═══ THE DATA

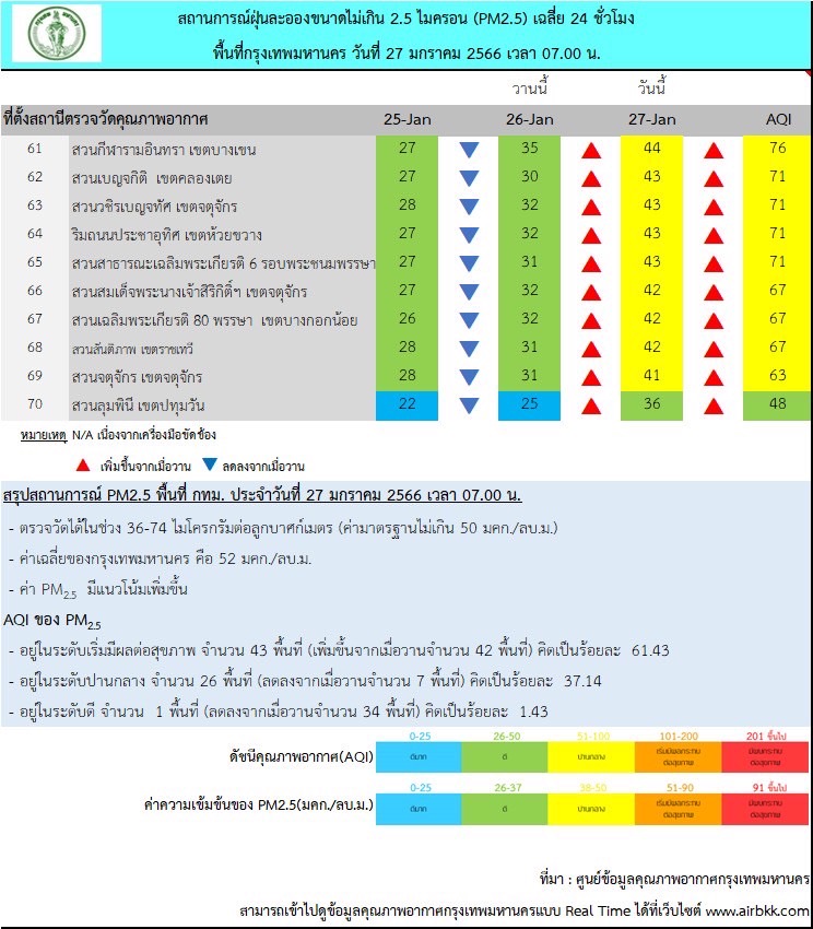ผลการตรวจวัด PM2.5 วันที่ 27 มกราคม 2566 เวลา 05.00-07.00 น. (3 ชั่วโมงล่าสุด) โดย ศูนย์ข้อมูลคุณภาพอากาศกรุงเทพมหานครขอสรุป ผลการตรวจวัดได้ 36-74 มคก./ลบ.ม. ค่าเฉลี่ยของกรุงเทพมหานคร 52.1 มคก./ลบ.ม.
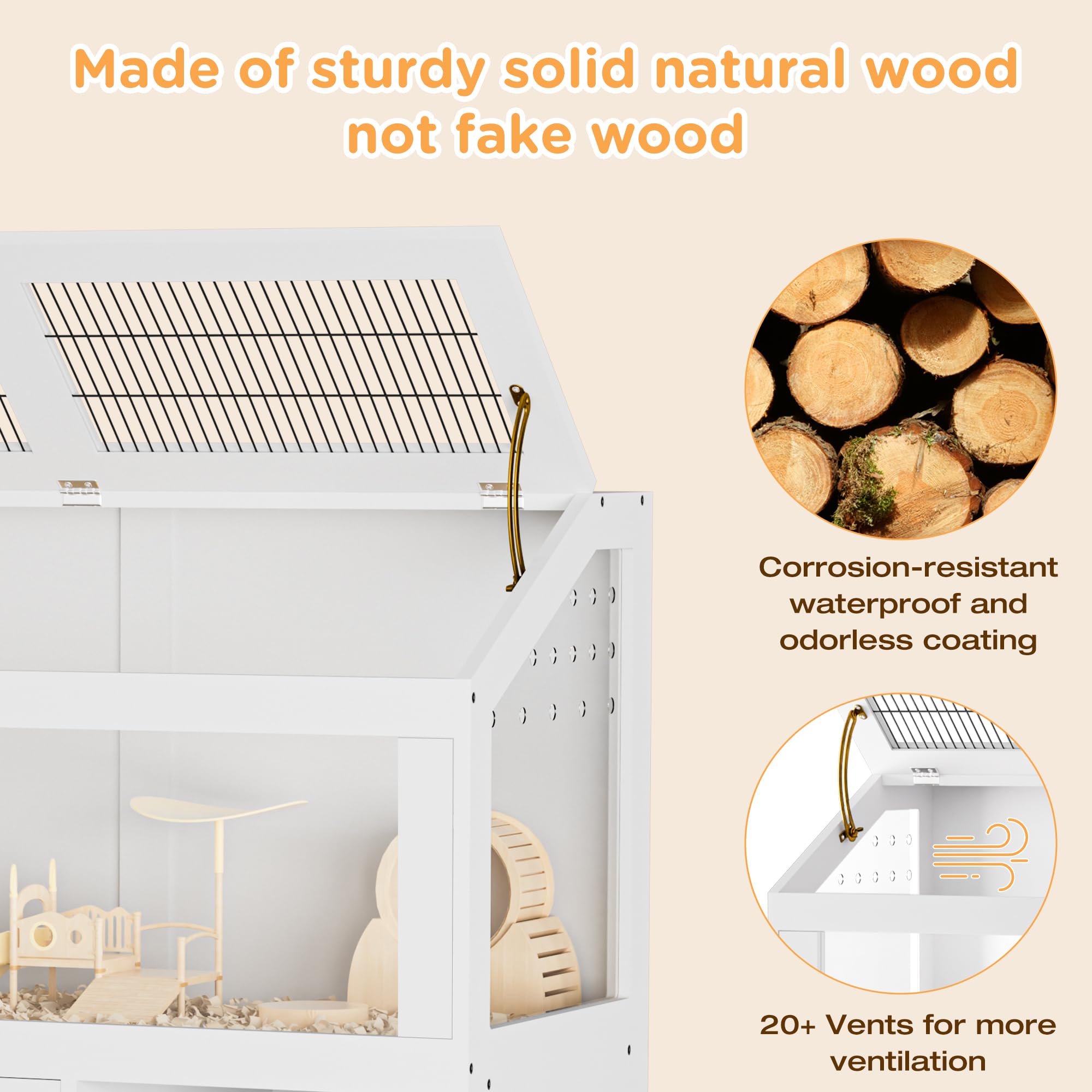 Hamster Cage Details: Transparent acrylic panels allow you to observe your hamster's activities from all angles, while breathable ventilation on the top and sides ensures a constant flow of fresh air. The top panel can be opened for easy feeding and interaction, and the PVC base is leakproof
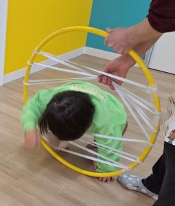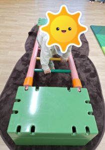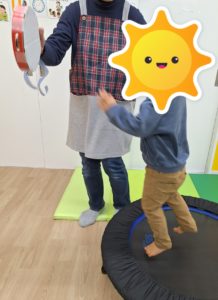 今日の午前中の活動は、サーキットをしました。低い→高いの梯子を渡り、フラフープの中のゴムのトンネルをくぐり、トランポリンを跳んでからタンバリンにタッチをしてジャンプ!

══════

**ACTION ITEM**
Write out, word for word, the lines running from the one containing "Hamster Cage Details: Transparent" to the end of the data above; the pictures are to be left out.

**RESULT FOR THIS EXERCISE**
 Hamster Cage Details: Transparent acrylic panels allow you to observe your hamster's activities from all angles, while breathable ventilation on the top and sides ensures a constant flow of fresh air. The top panel can be opened for easy feeding and interaction, and the PVC base is leakproof
 今日の午前中の活動は、サーキットをしました。低い→高いの梯子を渡り、フラフープの中のゴムのトンネルをくぐり、トランポリンを跳んでからタンバリンにタッチをしてジャンプ!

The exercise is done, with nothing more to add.